我们在相同训练集 `data/lagrangian/training/` 上，从论文预训练 checkpoint 出发进行短暂 fine-tune，使模型显式最小化你加入的 multi-scale consistency loss。

- 你可以把 `LAMBDA_PHYS` 从 `1e-4` / `1e-3` 开始试。
- `FINETUNE_STEPS` 默认只跑少量步（Colab 可承受），用于对比趋势；想完全复现实验可把步数加大。



In [None]:
# === 5.1) 构建 consistency run 并从 baseline checkpoint 开始 fine-tune ===
import shutil

CONS_RUN_DIR = 'runs/consistency_finetune/'
os.makedirs(os.path.join(CONS_RUN_DIR, 'model'), exist_ok=True)
os.makedirs(os.path.join(CONS_RUN_DIR, 'training'), exist_ok=True)

LAMBDA_PHYS = 1e-4
PHYS_LEVELS = 2
FINETUNE_STEPS = 5000

cons_config = dict(base_config)
cons_config['lambda_phys'] = float(LAMBDA_PHYS)
cons_config['phys_num_levels'] = int(PHYS_LEVELS)

# 保存一份 config，方便复现
with open(os.path.join(CONS_RUN_DIR, 'model', 'model.yaml'), 'w') as f:
    yaml.safe_dump(cons_config, f)

acc_cons, trainer_cons = build_model_and_trainer(cons_config, CONS_RUN_DIR, log=False, fp16=True)

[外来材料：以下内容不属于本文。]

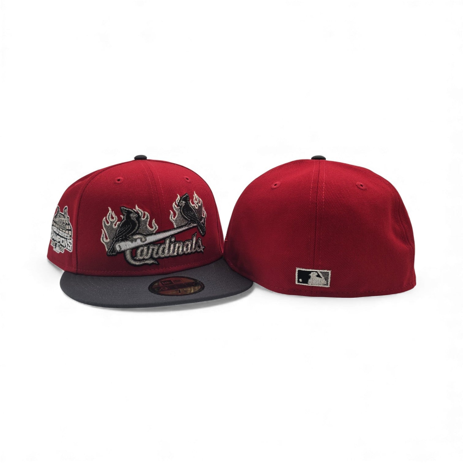 Red St. Louis Cardinals Flame Logo Dark Gray Visor Gray Bottom 2006 World Series Champions Side Patch New Era 59Fifty Fitted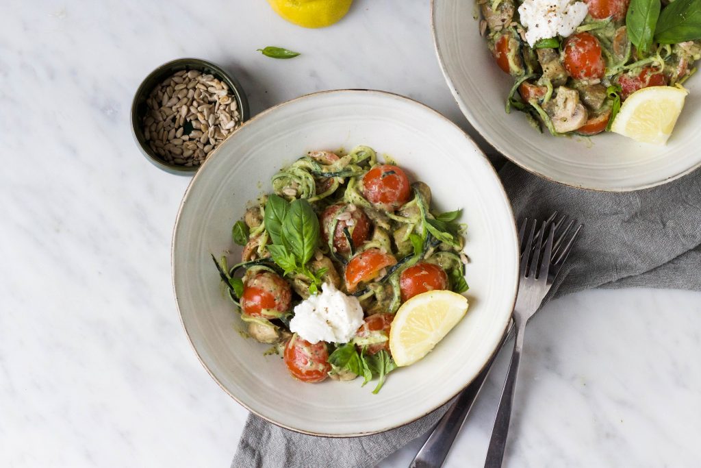 Een heerlijke romige ricotta pesto saus die dus in 1 minuut is gemaakt! De rest van het gerecht is ook een makkie. Champignons bakken, tomaatjes snijden en de courgette tot reepjes raspen met een spirelli.

# 从 baseline checkpoint 加载
trainer_cons.step = ckpt_step
trainer_cons.load(strict=True)

# 将 train_num_steps 临时设成 finetune 步数（避免跑满 200k）
trainer_cons.train_num_steps = trainer_cons.step + FINETUNE_STEPS

print('Start finetune: lambda_phys=', LAMBDA_PHYS, 'steps=', FINETUNE_STEPS)
trainer_cons.train(load_model_step=ckpt_step, num_samples=1, num_preds=1)
print('Finetune done.')



In [None]:
# === 5.2) Consistency 模型：生成同样的 target samples ===
# 训练结束后 trainer_cons.step 会停在最后一步
cons_step = trainer_cons.step
print('Consistency finetuned step:', cons_step)
trainer_cons.eval_target(TARGET_LABELS, guidance_scale=GUIDANCE_SCALE, num_preds=NUM_PREDS_PER_COND)
print('Consistency sampling done.')



### 6) 对比评估：多尺度自洽性（RG-style）

我们对两种模型生成的视频，计算一个简单但直接的“多尺度差异”指标：

1. 对生成视频做空间 coarse-graining（2×2 平均池化，重复多次）得到不同尺度的视频；
2. 每个尺度上取空间平均得到时序特征 \(z^{(l)}_t\in\mathbb{R}^{C}\)；
3. 计算相邻尺度差异
\[
D_l = \frac{1}{T}\sum_t \lVert z^{(l)}_t - z^{(l+1)}_t \rVert_2.
\]

期望：加入一致性 loss 后，\(D_l\) 显著更小。



In [None]:
import glob
import torch.nn.functional as F
import matplotlib.pyplot as plt


def latest_eval_step_dir(run_dir: str, step: int, guidance_scale: float):
    # eval_target 的输出目录形如：runs/<run>/eval_target_w_<w>_<idx>/step_<step>/
    pattern = os.path.join(run_dir, f'eval_target_w_{guidance_scale}_*', f'step_{step}')
    candidates = sorted(glob.glob(pattern))
    if not candidates:
        raise FileNotFoundError(f'No eval_target outputs found for pattern: {pattern}')
    return candidates[-1]


def load_pred_grid_tensor(step_dir: str, pred_channel: int):
    # save_preds 存的是一个拼成网格的 GIF，文件名 prediction_channel_<ch>.gif
    gif_path = os.path.join(step_dir, 'gifs', f'prediction_channel_{pred_channel}.gif')
    from denoising_diffusion_pytorch.video_denoising_diffusion_pytorch import gif_to_tensor
    t = gif_to_tensor(gif_path, channels=1)  # (1, f, H, W)
    return t


def compute_multiscale_D(video: torch.Tensor, levels: int = 2):
    """video: (c, f, h, w) tensor. Return list [D0, D1, ...]."""
    # reshape to (1,c,f,h,w)
    x = video.unsqueeze(0)
    pool = torch.nn.AvgPool3d(kernel_size=(1,2,2), stride=(1,2,2))
    zs = []
    for l in range(levels + 1):
        z = x.mean(dim=(-1, -2))  # (1,c,f)
        zs.append(z)
        if l < levels:
            x = pool(x)
    Ds = []
    for l in range(levels):
        d = torch.sqrt(((zs[l] - zs[l+1]) ** 2).mean()).item()
        Ds.append(d)
    return Ds


# 选择一个通道用于一致性评估（建议用位移 u_1=0 或 u_2=1）
EVAL_CH = int(base_config['selected_channels'][0])
levels = int(cons_config.get('phys_num_levels', 2))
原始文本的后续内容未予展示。